We’re a climate focused venture capital fund, but we focus on energy, transport, industrials, and mining sectors. And we invest across software, hardware, and deep tech. But what differentiates us from others in the market is our industry and corporate partnership model. We think that brings multiple benefits for us as an investor and for our LPs. We want to be investing where there's significant demand for new tech solutions, so our corporate partners go, “Where are the opportunities?”, and “How can technology help unlock and accelerate that?”.
From a founder’s perspective, we want to help our portfolio companies get better traction, faster trials, paid pilots, and ultimately contracts with corporate partners. Because we think if we can bring more focus from corporates around adopting newer technologies, that's going to attract more capital to help accelerate the deployment of these technologies.

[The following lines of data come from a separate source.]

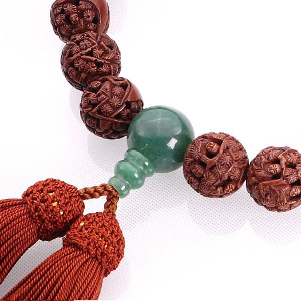 熟練の職人がひとつひとつ丁寧に彫り上げた「羅漢彫 インド翡翠仕立 18玉」は、インド翡翠(ヒスイ)との色のコントラストも美しい男性用の念珠です。
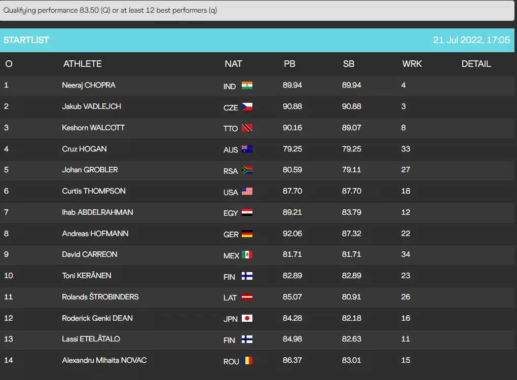 Neeraj Chopra will be the first athlete to throw the men's javelin in this edition of World Championships. He is pitted against Jakub Vadlejch - the Czech Republican who finished second to him in Tokyo and big names like Keshorn Walcott, Andreas Hoffman among others.
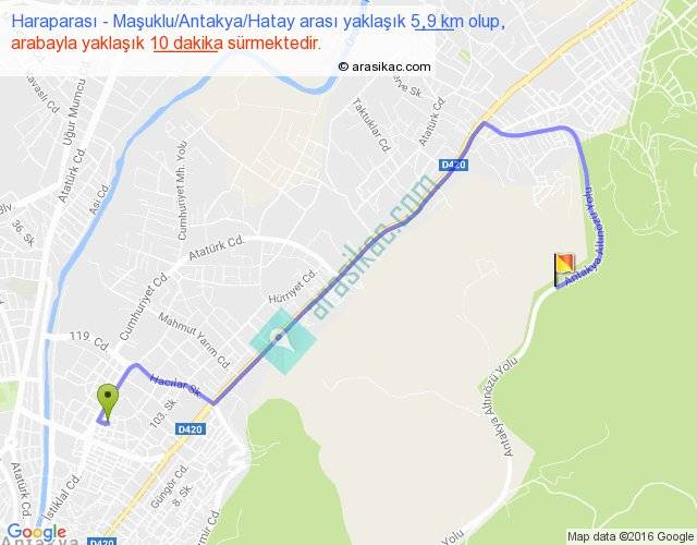 Haraparası - Maşuklu Antakya Hatay arası yaklaşık olarak 90 km/h ile yukarıda belirtilen sürede olup, iki yerin kuş uçuşu uzaklığı (mesafesi) 3'dir. Yolculuk otobüsle 13 dakika sürmektedir.
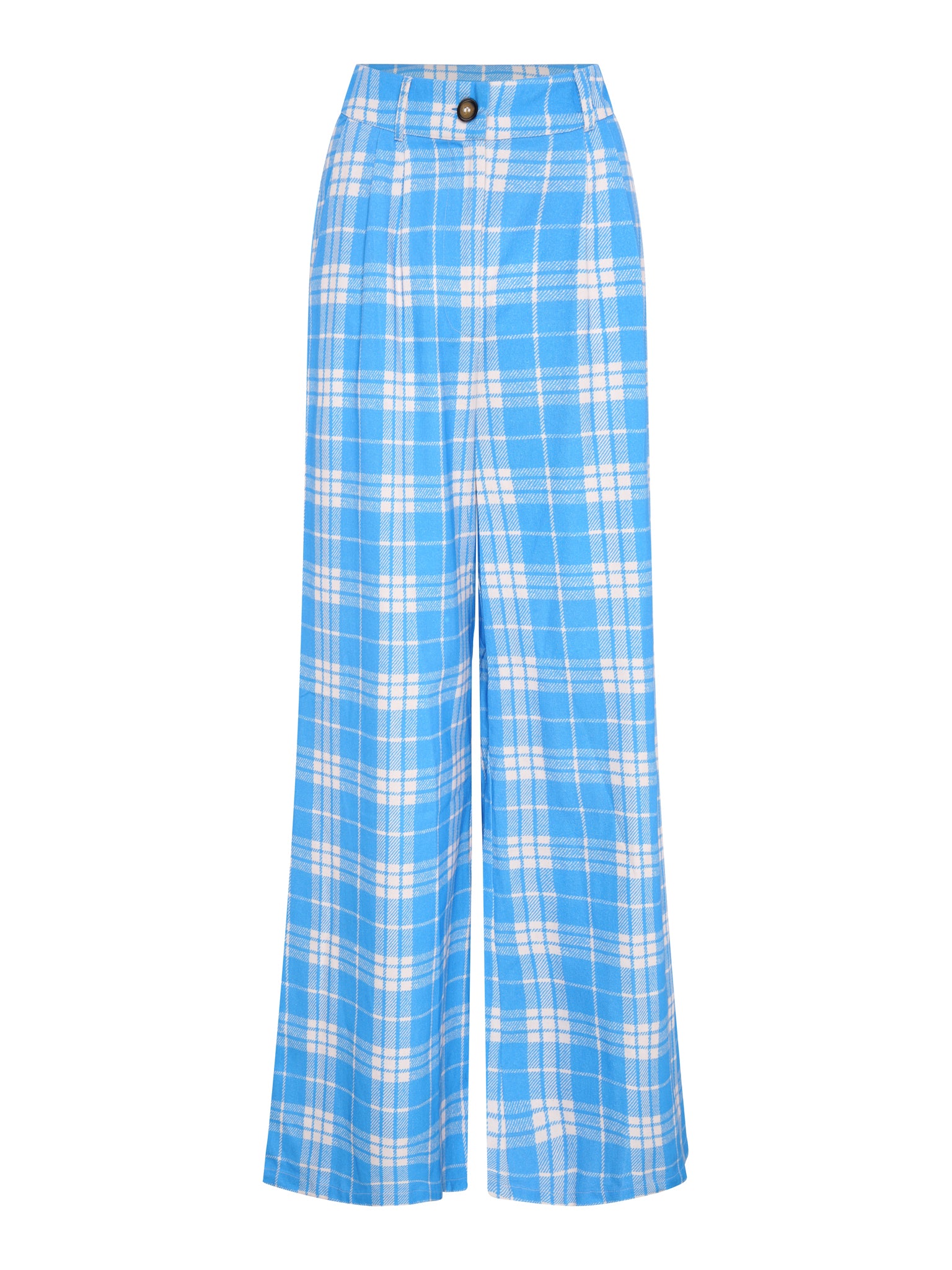 Crafted from 100% cotton, Samara is an easy wide-leg trouser with a high-waisted fit. Designed in a blue check, she's got a timeless silhouette with a little something extra.
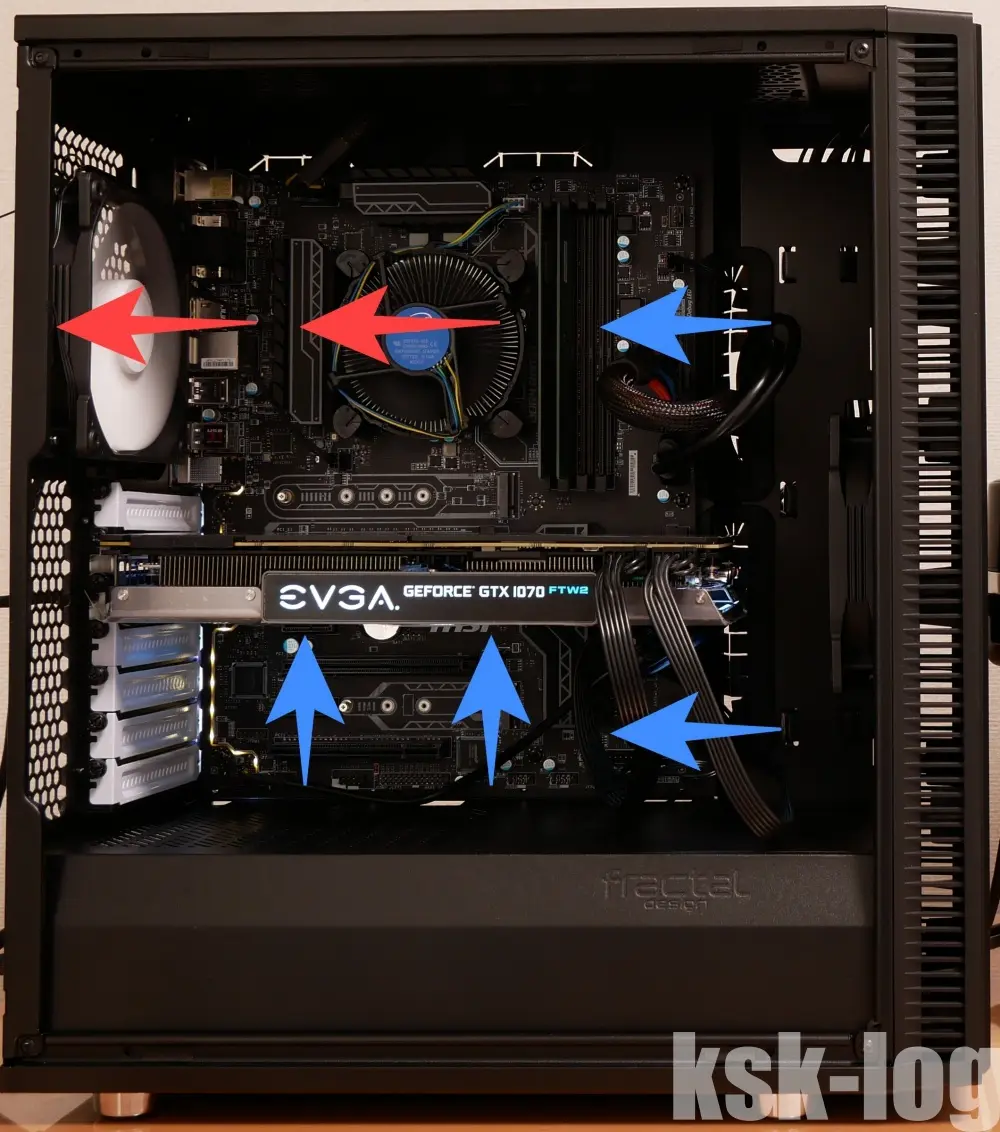 - CPUクーラーがサイドフローでないので、エアフローの流れが乱れている可能性がある

Why the focus on those verticals?
That's where our — Patrick (Partner at CTP) and myself — background and experience lie, and where our networks are. Climate is definitely complex, so we’re focusing on where our specific knowledge bases are.
But we also think Australia has the longer term potential for low cost, low carbon energy, which then can unlock a whole bunch of green opportunities like green steel. But we also then need new technologies to help unlock the grid and drive the adoption of renewable energy. We’re also great at research, through universities, through CSIRO. Part of our goal is figuring out how we can get that technology out into the world.

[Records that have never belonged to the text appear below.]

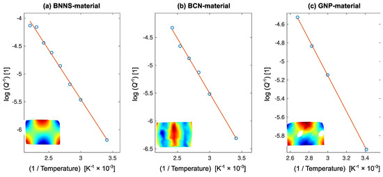 The versus plots for the determination of the activation energy shown for one selected resonant mode for each material. The dots are the experimental data, the lines are the results of the linear regression. In each plot area, the experimentally recorded shape of the given mode is shown.
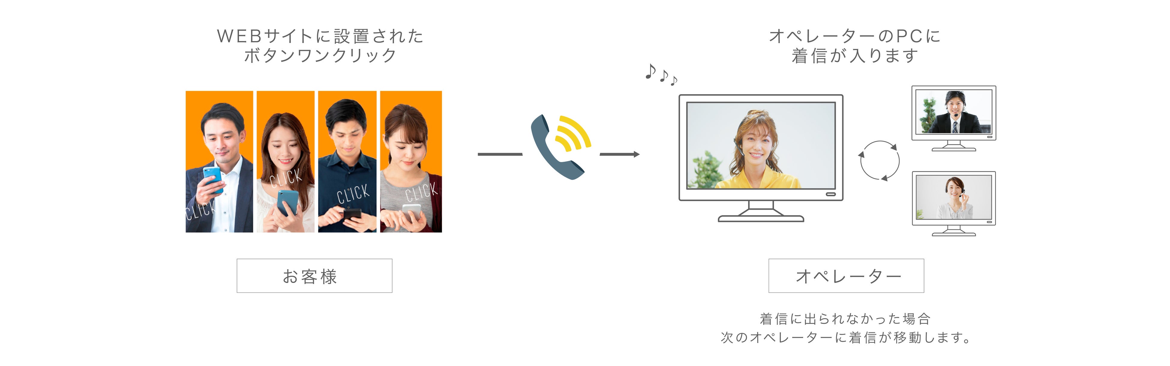 スマホからWEBサイトに設置された「いますぐオンライン相談」のボタンをタップすると、ログイン中のPCから着信音が鳴って知らせてくれる「コール機能」を搭載。作業中でもコール音で着信に気づくことができ、忙しく出られない時は、他オペレーターに着信が移動するという「着信リレー機能」も搭載。
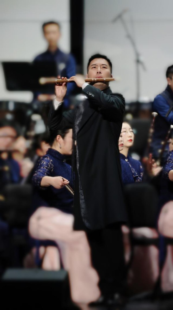 王勇偶尔会口误但也幽默地绕回来:“演奏者李晓晨,哦,是李晨晓——说明真的是新人新作音乐会呐!”他随即补充:“大家看到民乐团里的笛箫演奏家金锴,看起来很年轻,但已在民乐团20多年啦!”像这样的名家,在新人新作的舞台上,都是担任伴奏。
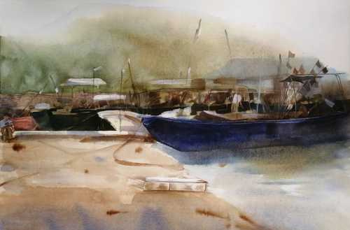 龙以涛《静静的港湾》50cm×70cm 2023年 纸本水彩
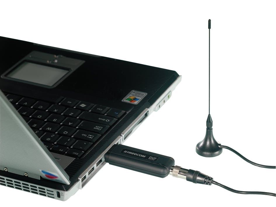 Kijk, en dat rechtvaardigt misschien de aanschaf van een tv-receiver voor uw laptop - want dan kunt u ook onderweg elke wedstrijd bekijken. Freecom komt met de DVB-T USB Stick, een ieniemienie-dingetje van 28 x 15 x 86 mm en 25 gram. Bovendien kan het stickje, in combinatie met de harde schijf, ook functioneren als een volwaardige digitale videorecorder, inclusief Electronic Programme Guide en teletekst. Kost dat nou? 79 euro. Lijkt misschien wat veel voor één zender, maar: vanaf 30 oktober aanstaande kunnen ook Nederland 1 en Nederland 3 door zo'n ontvangertje opgepikt worden.
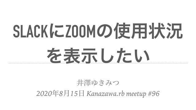 SLACKʹZOOMͷ༻ঢ়گ Λද͍ࣔͨ͠ ҪᖒΏ͖Έͭ 20208݄15 Kanazawa.rb meetup #96
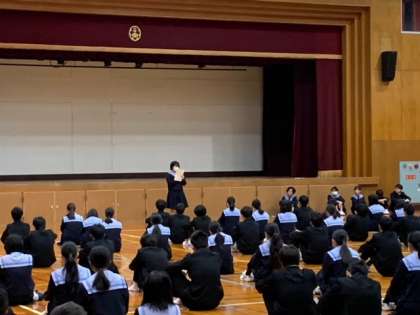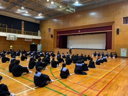 11日(月)全校集会の様子です。寒くなって少し集合の状態が悪いようです。

What sort of climate problems do you think Australia is uniquely positioned to solve?
One area for us is in sustainable fuels. Australia uses a huge amount of fuel, and nearly all of that is imported. But we've got renewable resources, we've got feedstock, we've got the size, because these plants take up a significant amount of land. We're the eighth largest market for aviation fuel in the world. So the demand is there. And I think there's potential for Australia to step into that.
Why are you focused on investing in Series A companies?
We also invest in later stage seed, and early Series B or Series A extension. The reason for that later stage focus is given our industry partnership model — we want those technologies and companies to be at a stage where they can be directly interacting with their corporate customers, who then can drive and accelerate them. That's harder to do at the pre-seed stage. If it's say a software startup it potentially could be earlier, provided they've got a product that is in market. And it might not be fully built out, but it's operational.
What have been the challenges in raising the fund?
There's no doubt the last 18 months has not been the easiest capital raising environment. I’m sure many founders will relate to that as well. But our differentiated model, and how we're trying to de-risk the investment and accelerate growth has definitely appealed to investors. And the fact that we've now got Australian Ethical and CFC backing us, along with family offices and corporates, is helping to validate that model.
But at the end of the day, people are also looking through current political cycles, and are recognizing that decarbonization is not a trend that is going away anytime soon. If you look at where all the very large infrastructure funds are deploying capital, decarbonization is one of the key areas where long-term, 10 - 20 year investments are being made.
There’s now mandatory climate reporting in Australia for large businesses, along with all climate regulation for companies in Europe. What’s been driving that trend towards decarbonization?
There’s a number of elements to it. What we sort of saw 3 or 4 years ago was a lot of corporates announcing targets and goals for 2030 and 2035. And we spoke to over 100 corporates when putting together our corporate partners — of which we've now got 10 to 13 — and they're the ones who have moved from announcing to taking action, because 2030 is right around the corner.
It's definitely not all corporates [doing this], particularly now given the pressure coming off corporate reporting out of the US. But we’re seeing that some corporates view [decarbonization] as a competitive advantage in this space, because ultimately that's where they view their industry going. But it's also that people see these lower carbon solutions as over time being the lowest cost option too.
Advice for founders
In the current environment, it's about demonstrating the value that you can deliver from an economics point of view; then I'd talk about the climate benefits. Whereas going back a few years, people were often pushing harder on the climate benefits and less on the economics. And it’s explaining the value they're able to bring to their customers. Demonstration of traction and engagement is so important in the environment. At the moment, investors generally are a bit more cautious. So be prepared for probably a slightly longer capital raising cycle.
But the good news overall is there is a significant amount of capital in Australia and internationally looking for investments in the [climate] space, but it’s just a little slower than it has been.